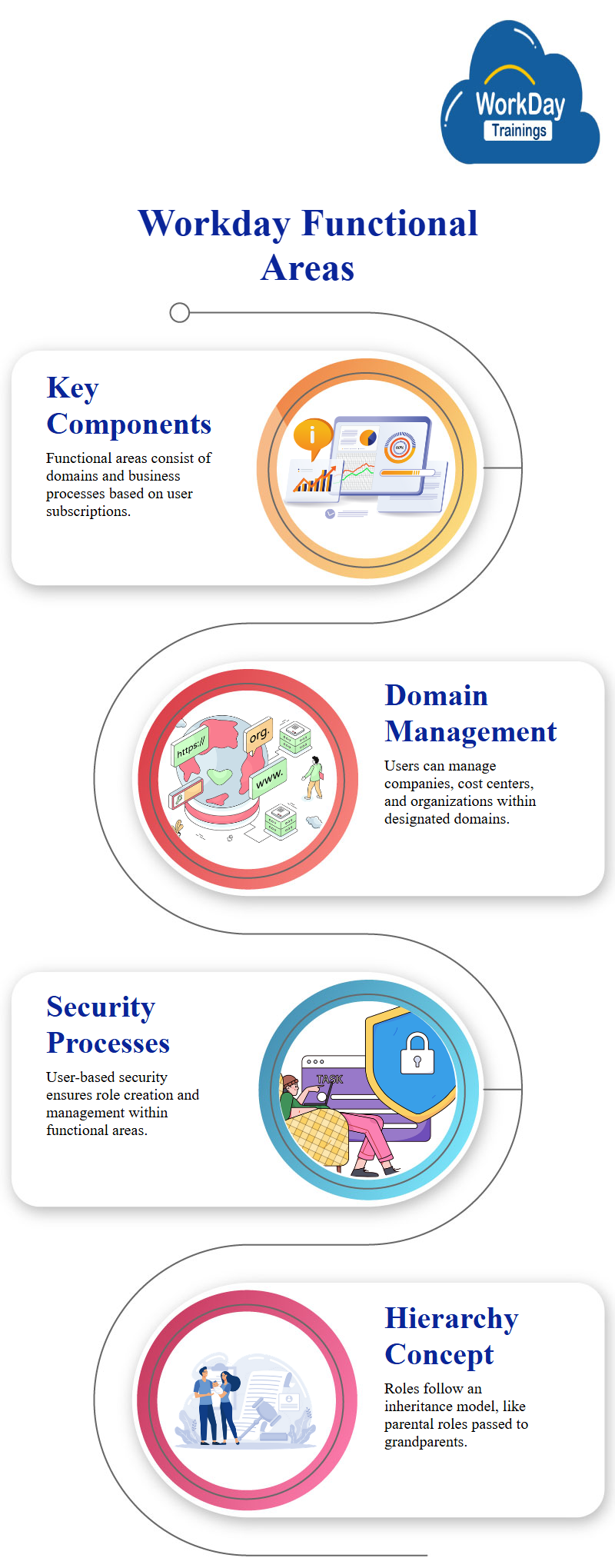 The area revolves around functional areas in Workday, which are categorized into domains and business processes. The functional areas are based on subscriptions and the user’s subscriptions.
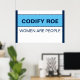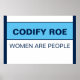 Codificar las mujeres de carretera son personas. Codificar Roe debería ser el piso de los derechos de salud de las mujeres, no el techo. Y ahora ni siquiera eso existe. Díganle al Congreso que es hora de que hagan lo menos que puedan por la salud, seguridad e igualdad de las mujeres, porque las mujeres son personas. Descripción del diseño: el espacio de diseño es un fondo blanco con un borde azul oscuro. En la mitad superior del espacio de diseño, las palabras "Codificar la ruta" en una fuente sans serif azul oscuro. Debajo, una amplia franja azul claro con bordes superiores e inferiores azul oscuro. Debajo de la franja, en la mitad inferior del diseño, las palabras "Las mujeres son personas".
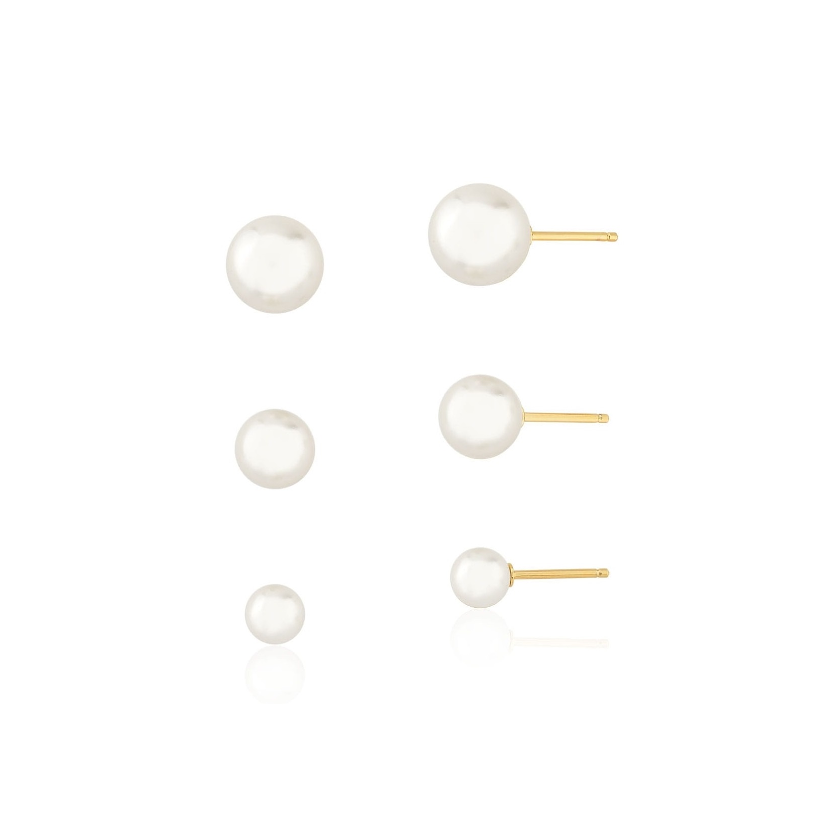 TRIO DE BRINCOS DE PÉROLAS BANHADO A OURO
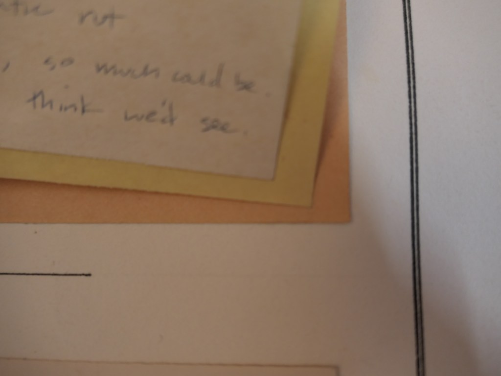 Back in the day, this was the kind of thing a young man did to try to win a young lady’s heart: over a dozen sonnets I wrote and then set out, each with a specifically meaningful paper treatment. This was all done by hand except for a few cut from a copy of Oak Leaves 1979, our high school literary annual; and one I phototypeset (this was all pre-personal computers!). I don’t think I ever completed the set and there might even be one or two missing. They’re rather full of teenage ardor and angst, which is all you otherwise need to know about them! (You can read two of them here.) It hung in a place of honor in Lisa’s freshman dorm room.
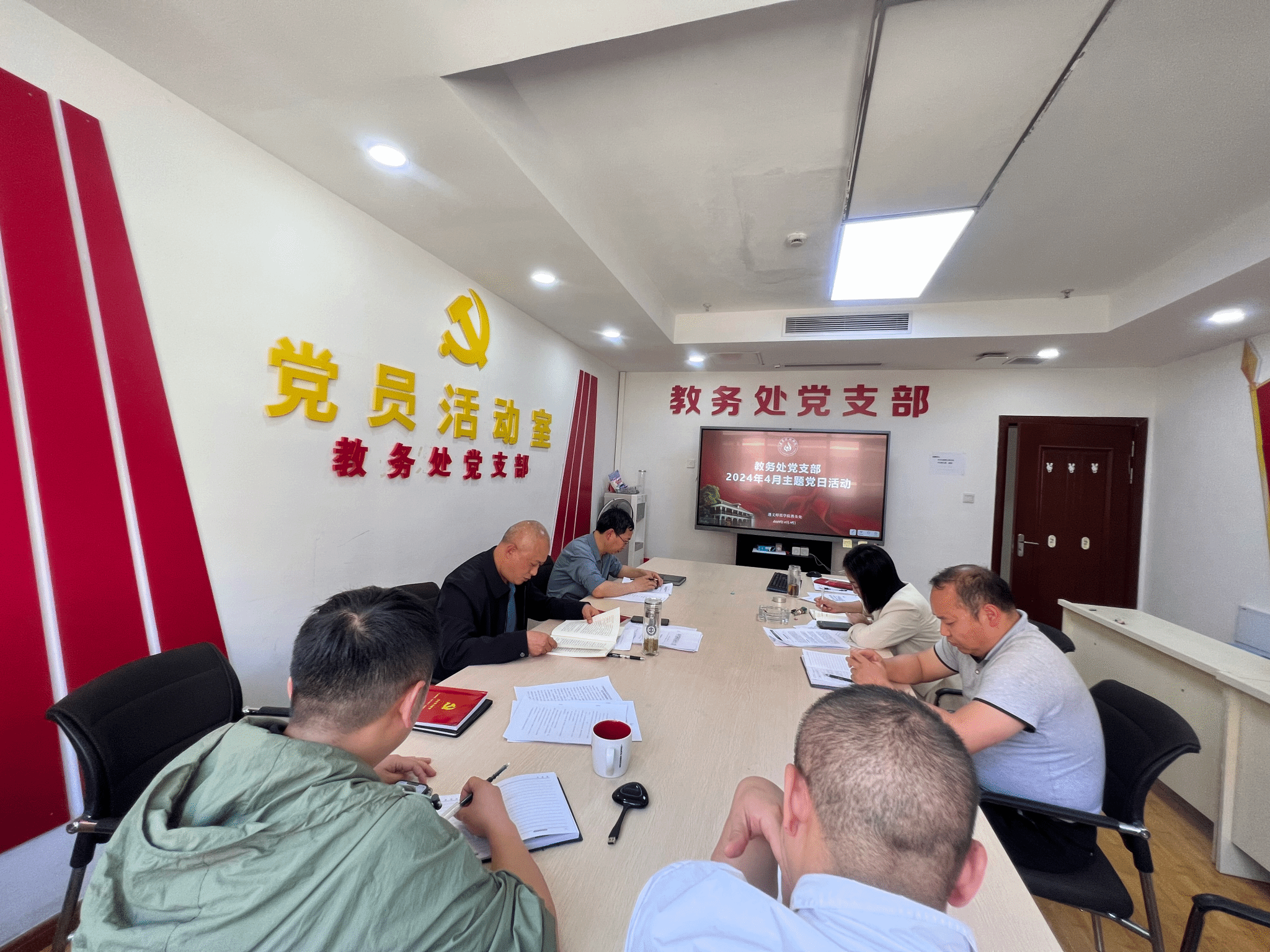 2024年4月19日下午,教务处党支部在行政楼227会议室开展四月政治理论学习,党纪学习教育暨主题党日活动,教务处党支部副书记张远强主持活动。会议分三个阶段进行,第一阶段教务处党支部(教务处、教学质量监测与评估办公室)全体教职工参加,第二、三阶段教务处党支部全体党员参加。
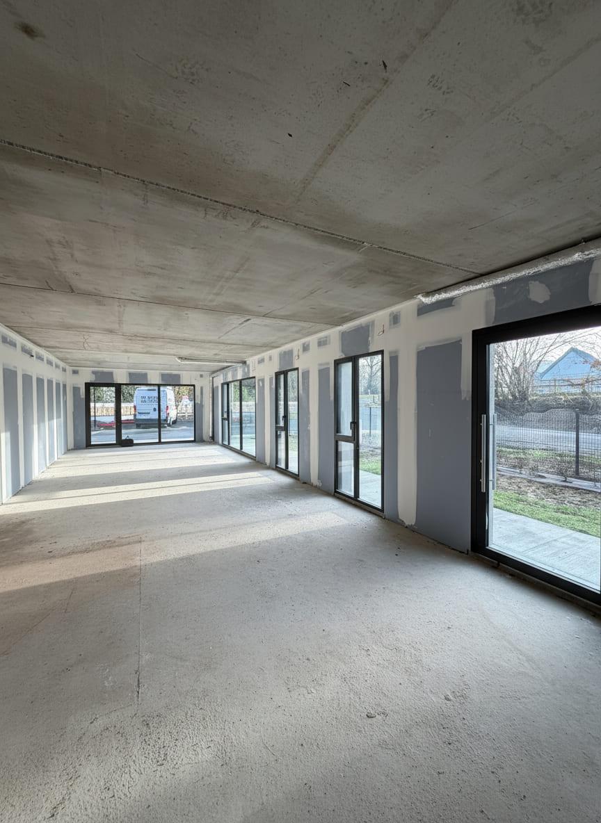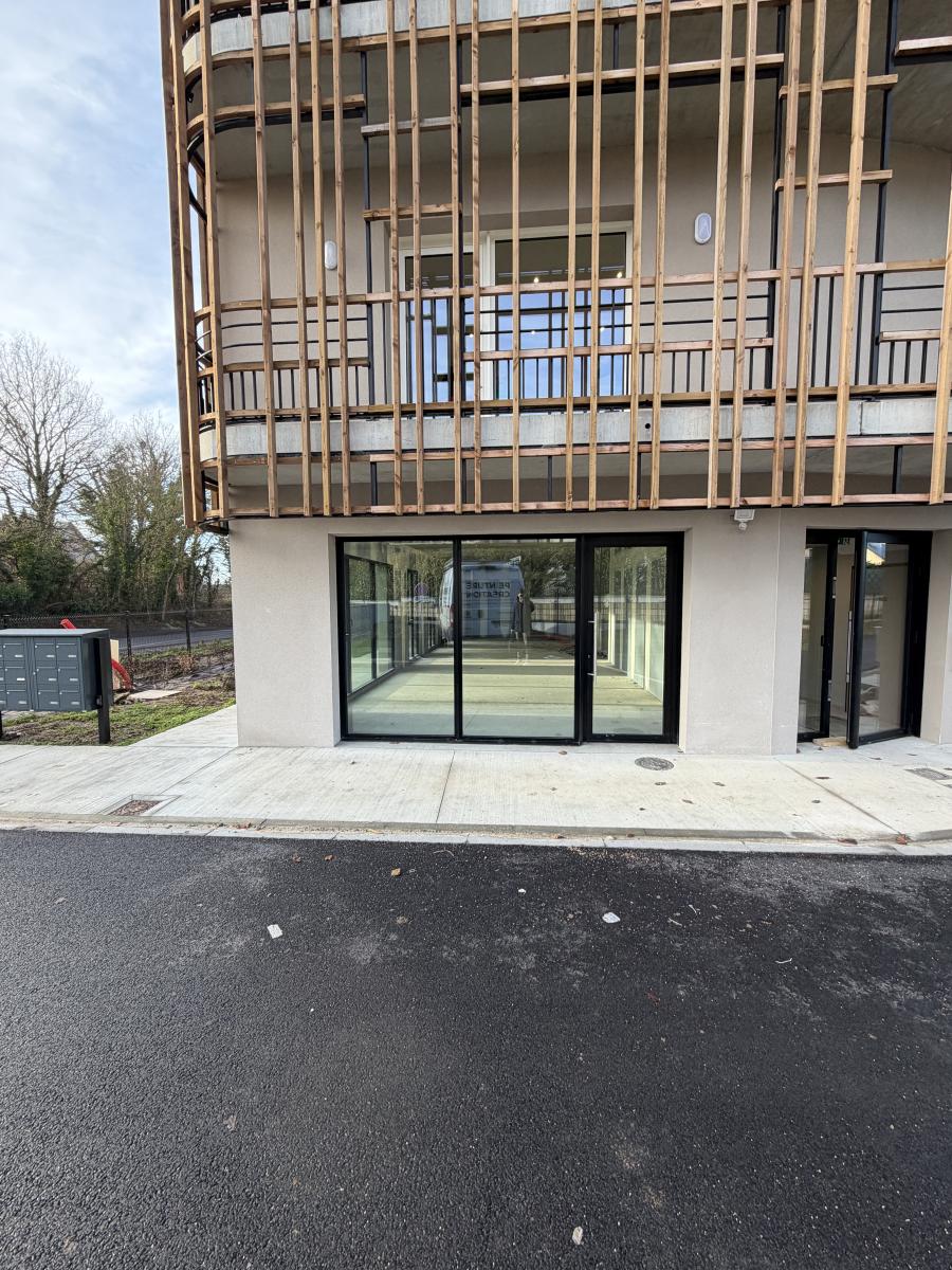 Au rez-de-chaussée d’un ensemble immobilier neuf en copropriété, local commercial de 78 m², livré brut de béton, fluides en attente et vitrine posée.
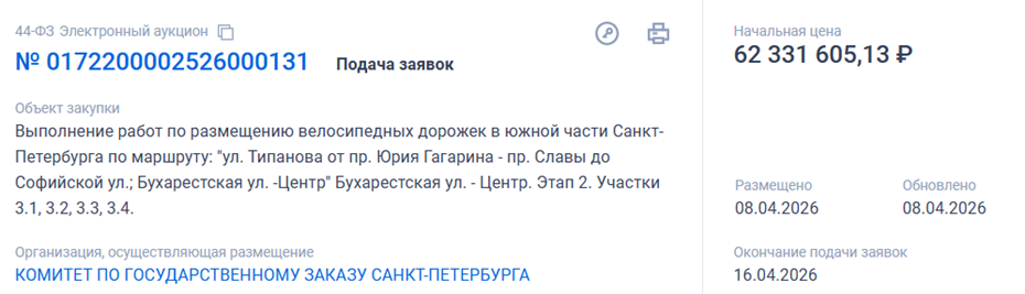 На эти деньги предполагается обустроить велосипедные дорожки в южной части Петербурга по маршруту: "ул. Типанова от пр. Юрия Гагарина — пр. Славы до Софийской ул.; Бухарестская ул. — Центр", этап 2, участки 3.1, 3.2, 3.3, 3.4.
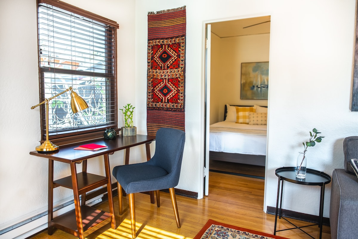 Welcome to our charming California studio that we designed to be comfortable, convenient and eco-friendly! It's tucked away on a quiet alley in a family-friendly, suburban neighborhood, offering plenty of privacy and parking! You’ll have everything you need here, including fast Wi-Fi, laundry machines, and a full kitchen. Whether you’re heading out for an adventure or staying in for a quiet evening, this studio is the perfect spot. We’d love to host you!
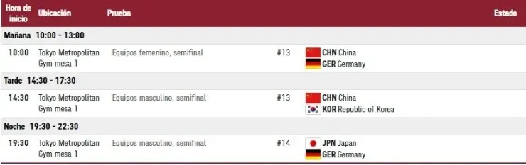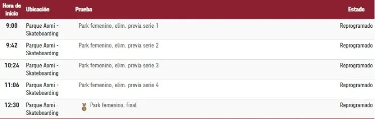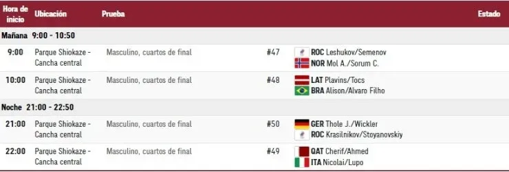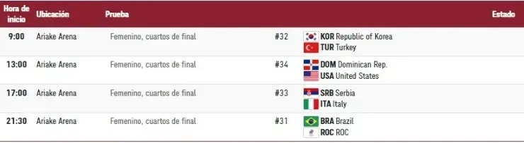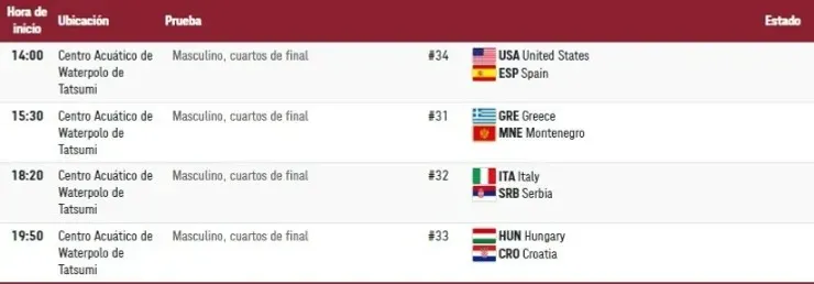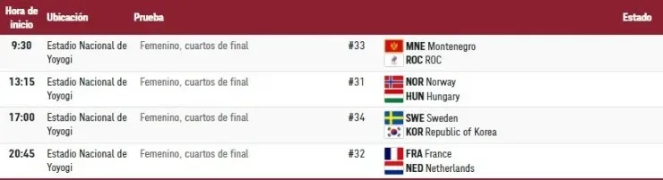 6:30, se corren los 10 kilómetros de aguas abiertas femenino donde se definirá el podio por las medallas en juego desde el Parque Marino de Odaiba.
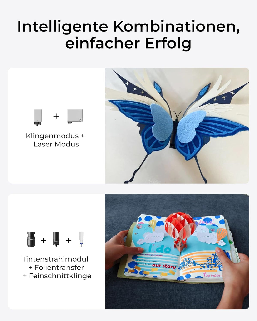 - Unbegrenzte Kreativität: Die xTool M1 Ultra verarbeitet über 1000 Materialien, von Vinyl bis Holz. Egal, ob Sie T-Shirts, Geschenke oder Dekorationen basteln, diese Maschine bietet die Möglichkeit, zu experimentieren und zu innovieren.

* WORK TO COMPLETE: Please copy the records above word for word, leaving out every picture.

* REPLY TO THE EXERCISE:
 The area revolves around functional areas in Workday, which are categorized into domains and business processes. The functional areas are based on subscriptions and the user’s subscriptions.
 Codificar las mujeres de carretera son personas. Codificar Roe debería ser el piso de los derechos de salud de las mujeres, no el techo. Y ahora ni siquiera eso existe. Díganle al Congreso que es hora de que hagan lo menos que puedan por la salud, seguridad e igualdad de las mujeres, porque las mujeres son personas. Descripción del diseño: el espacio de diseño es un fondo blanco con un borde azul oscuro. En la mitad superior del espacio de diseño, las palabras "Codificar la ruta" en una fuente sans serif azul oscuro. Debajo, una amplia franja azul claro con bordes superiores e inferiores azul oscuro. Debajo de la franja, en la mitad inferior del diseño, las palabras "Las mujeres son personas".
 TRIO DE BRINCOS DE PÉROLAS BANHADO A OURO
 Back in the day, this was the kind of thing a young man did to try to win a young lady’s heart: over a dozen sonnets I wrote and then set out, each with a specifically meaningful paper treatment. This was all done by hand except for a few cut from a copy of Oak Leaves 1979, our high school literary annual; and one I phototypeset (this was all pre-personal computers!). I don’t think I ever completed the set and there might even be one or two missing. They’re rather full of teenage ardor and angst, which is all you otherwise need to know about them! (You can read two of them here.) It hung in a place of honor in Lisa’s freshman dorm room.
 2024年4月19日下午,教务处党支部在行政楼227会议室开展四月政治理论学习,党纪学习教育暨主题党日活动,教务处党支部副书记张远强主持活动。会议分三个阶段进行,第一阶段教务处党支部(教务处、教学质量监测与评估办公室)全体教职工参加,第二、三阶段教务处党支部全体党员参加。
 Au rez-de-chaussée d’un ensemble immobilier neuf en copropriété, local commercial de 78 m², livré brut de béton, fluides en attente et vitrine posée.
 На эти деньги предполагается обустроить велосипедные дорожки в южной части Петербурга по маршруту: "ул. Типанова от пр. Юрия Гагарина — пр. Славы до Софийской ул.; Бухарестская ул. — Центр", этап 2, участки 3.1, 3.2, 3.3, 3.4.
 Welcome to our charming California studio that we designed to be comfortable, convenient and eco-friendly! It's tucked away on a quiet alley in a family-friendly, suburban neighborhood, offering plenty of privacy and parking! You’ll have everything you need here, including fast Wi-Fi, laundry machines, and a full kitchen. Whether you’re heading out for an adventure or staying in for a quiet evening, this studio is the perfect spot. We’d love to host you!
 6:30, se corren los 10 kilómetros de aguas abiertas femenino donde se definirá el podio por las medallas en juego desde el Parque Marino de Odaiba.
 - Unbegrenzte Kreativität: Die xTool M1 Ultra verarbeitet über 1000 Materialien, von Vinyl bis Holz. Egal, ob Sie T-Shirts, Geschenke oder Dekorationen basteln, diese Maschine bietet die Möglichkeit, zu experimentieren und zu innovieren.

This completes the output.